I spent my youth being drugged, constantly psychoanalyzed, and sent away to homes for "troubled teens" - all of which eventually led to PTSD in my adulthood. All of this unnecessary BS happened because my doctors were too ignorant to diagnose my autism. Doctors really suck sometimes.
@@clicheguevara5282 Autism was first described by a Ukrainian Jewish woman in 1925, but remained unknown in the West until German and Austrian men wrote about it again in the 1940's: prior to that it was confused with childhood schizophrenia and schizoid personality disorder. It's not surprising that most 20th century doctors were too ignorant to use 21st century criteria. In another 30 years we'll see it differently.
@@clicheguevara5282 Yeah they really do! If there's a problem, throw medicine at it. They have this Idea that there are "normal people" and if you don't fit in their nice, neat normal box ,then you are sick, and need a pill or a barrage of pills, which only make everything worse. For me they did anyway. God made all kinds of people with all kinds of brains. We aren't supposed to all be the same. I sure hope your doing better now. I believe all humans are born with a gift, or gifts, they may feel like curses too at times. Heres hoping you have made peace with who you are and what happened to you.
My grandmother, born in 1914, never attended an ivy league school; but she definitely learned and passed along the lessons of stand up straight, and sit up and don't slouch.

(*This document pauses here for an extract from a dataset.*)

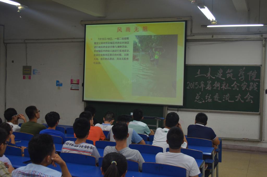 9月1日晚,土木建筑学院在北校区2101教室举行了2015年暑期“三下乡”社会实践总结交流大会。学院各实践团队成员等100余人参加了会议。

I went to Connecticut College in the late 1960’s, which at that time was women only. I have always appreciated that unlike the other New England women’s colleges, “posture pictures” were not taken. I have a disability that is not visible, but for some of the colleges I had to have a separate interview to make sure that I conformed to their vision of what their students should look like. Made it easy to decide where to go.
That has always been my take, as I age these examples seem to be precious opportunities to identify the authoritarian creeps in every nook and cranny of society. What I find most illuminating about this story is just how pervasive it was without complaint and how it provides some insight into what 'good' ivy league material was really about submission to authority and acceptance of a benign bureaucratic snuffing of the individual as a prerequisite for 'getting in the club'.
@@fortusvictus8297 Pretty much. A professor at either Yale or Harvard (I don't remember which) told something along these lines to his students . One of the students made a comment: "So we are like highly educated sheep..."
When I was a plebe at West Point during Beast Barracks the medical guys took picture pictures of each of us in our boxers. Naturally, the upperclassmen invested much effort in "improving our posture" throughout the day and night.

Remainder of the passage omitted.